Наш анализ будет неполон, если оставим без пристального рассмотрения в контексте идеи "двух ликов Руси" образ Марфы- наделенный предельной психологической убедительностью и в то же время самый загадочный. Марфа причастна миру Древней Руси - своей принадлежностью к раскольникам, степенностью ("обычаем") поведения, которые, однако, все же не достигают высокого досифеевского пафоса, да она к этому и не стремится. Не так уж она соответствует древнерусскому идеалу: насельница скита оказывается страстной женщиной в черной монашеской рясе.
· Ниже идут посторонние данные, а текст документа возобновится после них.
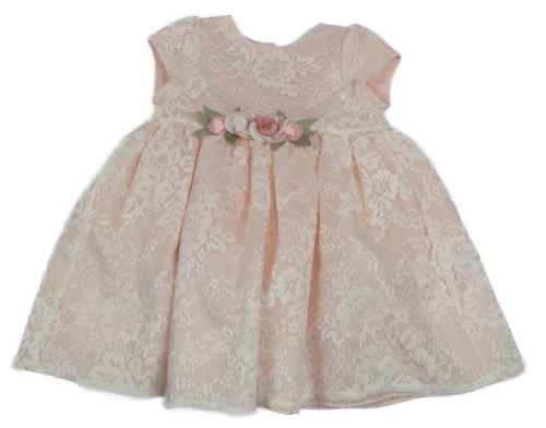 Světlerůžové krajkové slavnostní šaty s 3D květinami

При этом она - "плоть от плоти" народа, заставляет вспомнить самые колоритные женские образы русского искусства, от боярыни Морозовой до некрасовских женщин. Марфа - образ глубоко почвенный, на что указывает ее речь - ткань, сотканная из церковно-книжных и народных выражений и крестьянски-напевных интонаций, передавать которые Мусоргский был мастер. Меццо-сопрано Марфы свидетельствует о силе и зрелости, и, думается, это очень по-русски, поскольку "идеальная женственность" в ее русском понимании несет очень много материнских черт (вспомним героинь русских сказок - носительниц исключительной заботливости). Материнское едва ли не господствует в ее облике: напомню об "арии-колыбельной" Голицыну, а по отношению к Андрею у нее - и снисходительное, покрывающее всепрощение, и повелительность, позволяющая ей в итоге вести его на костер. Примечательно: Андрей, вне всякого логического обоснования, именно к Марфе обращается с требованием "вернуть ему Эмму" (ситуация почти архетипическая: ребенок требует игрушку у матери), сам при этом выступая ярчайшим образцом инфантильности. В то же время Марфа по большому счету пассивна, ведома, не может радикально изменить хода действий и принимает судьбу, уготованную ей возлюбленным князем и духовным отцом, и в этой парадоксальном сплаве силы и покорности являет себя подлинной носительницей женского начала - начала прежде всего пассивного, воспринимающего. Марфе присуща и некая зловещая смертоносность (возвещает ссылку Голицыну и приводит Андрея к костру), направляемая в итоге и на самое себя (страстное желание самосожжения). Сгущение всех этих черт придает образу Марфы емкость мифологического архетипа.